News Details

  • 12-09
  • 2020

SEMBURAN LUMPUR BLEDUK KESONGO: BELAJAR DARI FENOMENA KEBUMIAN UNTUK MITIGASI BENCANA

SIARAN PERS

IKATAN AHLI GEOLOGI INDONESIA


Jakarta, 9 September 2020




SEMBURAN LUMPUR BLEDUK KESONGO: Belajar dari fenomena kebumian untuk mitigasi bencana


Fenomena alam, selalu menjadi perbincangan publik. Media massa, diperkuat media on-line, selalu muncul paling awal terkait fenomena alam.

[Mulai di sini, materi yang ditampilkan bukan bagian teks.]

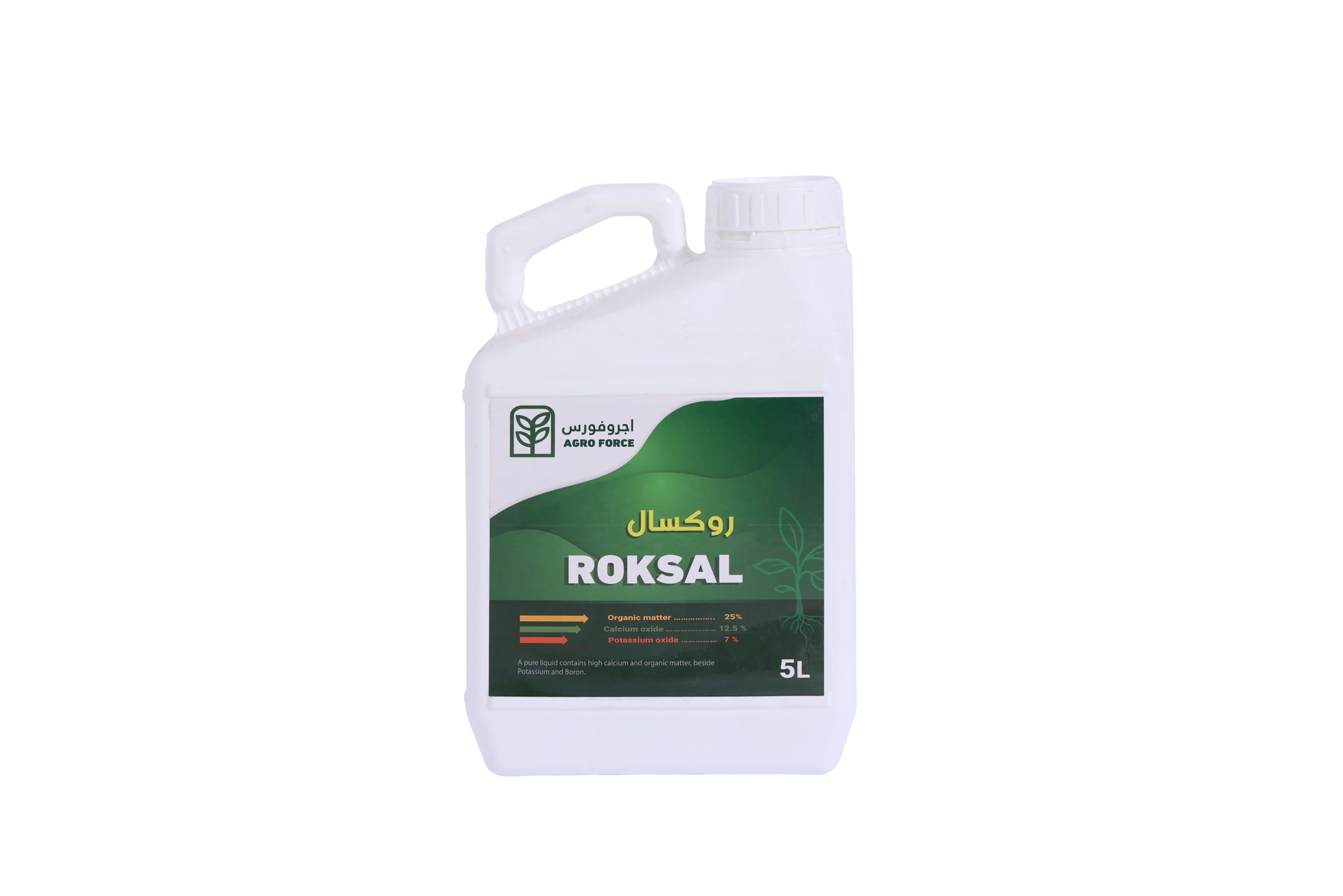 Roksal is a high-purity, high-density liquid fertilizer formulated from calcium nitrate, potassium nitrate, and boron. It is a stable concentrate containing calcium in the form of a calcium complex with carboxylic and organic acids, enhancing the efficiency of calcium in treating soil salinity.

Demikian juga pemberitaan fenomena Bleduk Kesongo yang meletup pada 27 Agustus 2020. IAGI. Sebagai lembaga asosiasi profesi geologi, IAGI ingin memberikan penjelasan secara utuh, agar fenomena alam Bleduk Kesongo tidak hadir sebagai informasi yang terpisah-pisah.Informasi geologis dan geografis, beserta kondisi historis kebumian perlu disampaikan ke masyarakat. Baik sebagai hal yang berpotensi positif bagi inventori sumber daya, maupun langkah-langkah mitigasi terhadap fenomena alam yang berpotensi menjadi bencana. Hal ini sangat diperlukan agar menjadi edukasi bagi masyarakat.

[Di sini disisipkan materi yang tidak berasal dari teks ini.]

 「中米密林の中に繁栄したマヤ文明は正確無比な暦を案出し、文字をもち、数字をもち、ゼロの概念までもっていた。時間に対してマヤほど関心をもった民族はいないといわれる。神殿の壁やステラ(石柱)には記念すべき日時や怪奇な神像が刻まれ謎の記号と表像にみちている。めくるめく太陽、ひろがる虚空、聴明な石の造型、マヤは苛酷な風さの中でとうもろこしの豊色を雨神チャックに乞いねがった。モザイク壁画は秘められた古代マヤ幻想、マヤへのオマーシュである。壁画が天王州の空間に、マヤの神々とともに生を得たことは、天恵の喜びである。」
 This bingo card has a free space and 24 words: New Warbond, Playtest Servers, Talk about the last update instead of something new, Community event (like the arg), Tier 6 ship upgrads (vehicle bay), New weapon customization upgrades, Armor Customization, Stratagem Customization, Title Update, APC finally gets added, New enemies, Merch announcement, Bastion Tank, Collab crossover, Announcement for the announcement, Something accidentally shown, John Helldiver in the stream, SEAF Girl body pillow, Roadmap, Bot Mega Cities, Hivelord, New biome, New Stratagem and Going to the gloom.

MENGENAL FENOMENA BLEDUK KESONGO


Kejadian semburan lumpur di Blora (Kesongo) dan Sidoarjo (Lusi), memiliki kenampakan yang mirip yaitu menyemburnya lumpur dari dalam bumi (bawah permukaan) akibat lapisan batuan dekat permukaan, yang karena suatu sebab, tidak kuat menahan tekanan pada lapisan batuan di bawahnya yang memiliki tekanan luap (overpressured). Namun secara karakter menurut Dr. Ir. M. Burhannudinnur, M.Sc. IPM. yang adalah Wakil Ketua Umum IAGI sekaligus Ketua ASPRODITEGI (Asosiasi Program Studi Teknik Geologi) menyebutkan dalam penelitiannya (Burhannudinnur, 2013) bahwa Gunung Lumpur Kesongo dan Gunung Lumpur Lusi memiliki beberapa perbedaan. Gunung Lumpur Kesongo (dikenal pula sebagai Bleduk Kesongo) merupakan gunung lumpur yang berasosiasi dengan sesar/ patahan yang secara struktur berada di puncak antiklin berarah barat timur, sedangkan Gunung Lumpur Lusi berasosiasi dengan struktur diapir atau mud diapir. Ketebalan batuan sedimen dari Gunung Lumpur Kesongo berkisar sekitar 1.000 m – 3.000 m, sedangkan Gunung Lumpur Lusi memiliki ketebalan lebih besar dari 3.000 m.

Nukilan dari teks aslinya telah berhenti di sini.